The project management, implementation and training support services provided by New World may be performed
at Customer's premises and/or at New World national headquarters in Troy, Michigan (e.g., portions of project
management are performed in Troy by New World).
4. Interface Installation Service
New World shall provide interface installation services as described in this paragraph below. These services do not
include hardware and/or third party product costs which shall be Customer's responsibility, if required. Whenever
possible, these services will be done remotely, resulting in savings in Travel Expenses and Time. If on -site
installation and training is required, Customer will be responsible for the actual Travel Expenses and Time. The
services include the following interfaces.
a) Bank Reconciliation
b) AMR Interface
5. Hardware Ouality Assurance Service
New World shall provide Hardware Systems Assurance of Customer's Logos.NET server(s). These services do
not include hardware and/or third party product costs which shall be Customer's responsibility, if required.
Whenever possible, these services will be provided remotely, resulting in savings in travel expenses and time. If on-
site installation is required, Customer will be responsible for the actual travel expenses and time.

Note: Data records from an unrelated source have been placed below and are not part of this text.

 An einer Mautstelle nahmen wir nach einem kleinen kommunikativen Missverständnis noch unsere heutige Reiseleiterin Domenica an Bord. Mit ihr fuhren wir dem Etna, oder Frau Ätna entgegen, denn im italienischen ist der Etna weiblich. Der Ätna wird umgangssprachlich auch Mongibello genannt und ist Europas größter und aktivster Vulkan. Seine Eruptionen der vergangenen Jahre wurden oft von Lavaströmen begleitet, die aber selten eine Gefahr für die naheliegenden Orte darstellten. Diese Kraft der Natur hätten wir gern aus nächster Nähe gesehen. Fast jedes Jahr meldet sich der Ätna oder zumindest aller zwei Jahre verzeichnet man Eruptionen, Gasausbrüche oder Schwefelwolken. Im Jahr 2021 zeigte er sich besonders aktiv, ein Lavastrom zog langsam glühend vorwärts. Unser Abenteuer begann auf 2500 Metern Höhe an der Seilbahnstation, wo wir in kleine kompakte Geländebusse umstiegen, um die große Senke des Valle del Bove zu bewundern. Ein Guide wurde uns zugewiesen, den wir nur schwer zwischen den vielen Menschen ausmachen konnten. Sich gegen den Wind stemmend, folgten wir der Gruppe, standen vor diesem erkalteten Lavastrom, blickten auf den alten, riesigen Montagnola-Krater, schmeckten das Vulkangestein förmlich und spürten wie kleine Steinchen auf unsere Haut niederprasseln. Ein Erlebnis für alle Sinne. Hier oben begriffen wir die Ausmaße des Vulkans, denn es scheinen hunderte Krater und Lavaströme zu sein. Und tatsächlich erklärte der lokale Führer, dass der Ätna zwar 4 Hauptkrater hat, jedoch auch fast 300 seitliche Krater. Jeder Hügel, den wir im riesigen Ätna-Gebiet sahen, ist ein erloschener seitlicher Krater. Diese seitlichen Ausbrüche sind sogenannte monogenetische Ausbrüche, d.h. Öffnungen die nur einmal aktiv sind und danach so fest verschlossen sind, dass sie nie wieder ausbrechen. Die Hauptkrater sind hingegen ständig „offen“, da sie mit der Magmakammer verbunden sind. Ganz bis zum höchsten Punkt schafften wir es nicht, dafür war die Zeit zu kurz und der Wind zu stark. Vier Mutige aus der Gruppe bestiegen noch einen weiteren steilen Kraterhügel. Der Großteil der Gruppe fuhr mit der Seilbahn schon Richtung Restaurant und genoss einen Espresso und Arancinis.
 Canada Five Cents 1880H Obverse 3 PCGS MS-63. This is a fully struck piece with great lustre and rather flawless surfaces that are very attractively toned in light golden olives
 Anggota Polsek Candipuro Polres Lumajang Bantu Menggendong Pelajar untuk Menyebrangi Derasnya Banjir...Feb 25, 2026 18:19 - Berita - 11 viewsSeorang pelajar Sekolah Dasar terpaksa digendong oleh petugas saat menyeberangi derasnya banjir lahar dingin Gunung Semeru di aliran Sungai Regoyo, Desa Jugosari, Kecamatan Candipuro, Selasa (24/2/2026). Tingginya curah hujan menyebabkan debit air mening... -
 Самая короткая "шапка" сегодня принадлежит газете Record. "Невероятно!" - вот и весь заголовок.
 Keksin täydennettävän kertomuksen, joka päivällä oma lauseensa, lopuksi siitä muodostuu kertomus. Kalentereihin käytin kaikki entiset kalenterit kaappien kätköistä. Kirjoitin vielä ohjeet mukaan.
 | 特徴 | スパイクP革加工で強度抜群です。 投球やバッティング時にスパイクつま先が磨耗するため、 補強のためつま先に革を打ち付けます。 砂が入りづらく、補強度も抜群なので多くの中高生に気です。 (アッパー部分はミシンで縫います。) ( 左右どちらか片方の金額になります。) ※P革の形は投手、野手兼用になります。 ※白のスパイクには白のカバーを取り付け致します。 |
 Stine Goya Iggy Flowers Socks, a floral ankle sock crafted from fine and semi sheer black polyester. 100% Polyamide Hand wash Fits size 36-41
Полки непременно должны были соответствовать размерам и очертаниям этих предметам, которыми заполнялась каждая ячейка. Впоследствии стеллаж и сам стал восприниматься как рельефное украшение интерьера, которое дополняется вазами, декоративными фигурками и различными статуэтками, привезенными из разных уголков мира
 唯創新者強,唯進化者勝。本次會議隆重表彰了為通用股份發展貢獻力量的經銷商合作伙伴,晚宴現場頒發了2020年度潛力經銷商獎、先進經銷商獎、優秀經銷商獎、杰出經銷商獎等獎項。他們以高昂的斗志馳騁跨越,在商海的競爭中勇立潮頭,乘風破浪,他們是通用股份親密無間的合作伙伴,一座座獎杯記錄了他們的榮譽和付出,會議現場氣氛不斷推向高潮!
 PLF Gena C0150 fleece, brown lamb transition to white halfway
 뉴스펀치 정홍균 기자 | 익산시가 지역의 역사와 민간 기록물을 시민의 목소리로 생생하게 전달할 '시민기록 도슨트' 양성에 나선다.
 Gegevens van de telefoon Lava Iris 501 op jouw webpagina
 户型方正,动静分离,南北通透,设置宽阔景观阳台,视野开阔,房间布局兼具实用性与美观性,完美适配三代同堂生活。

a) Hardware Quality Assurance Services (Standard) Environment:
Hardware Systems Assurance and Software Installation:
Assist with High Level System Design/Layout
- Validate Hardware Configuration and System Specifications
Validate Network Requirements, including Windows Domain
Physical Installation of New World Application Servers
Install Operating System and Apply Updates
Install SQL Server and Apply Updates
- Install New World Applications Software and Apply Updates
Establish Base SQL Database Structure
Install Anti-Virus Software and Configure Exclusions
Install Automated Backup Software and Configure Backup Routines
Configure System for Electronic Customer Support (i.e. NetMeeting)
Tune System Performance Including Operating System and SQL Resources
- Test High Availability/Disaster Recovery Scenarios (if applicable)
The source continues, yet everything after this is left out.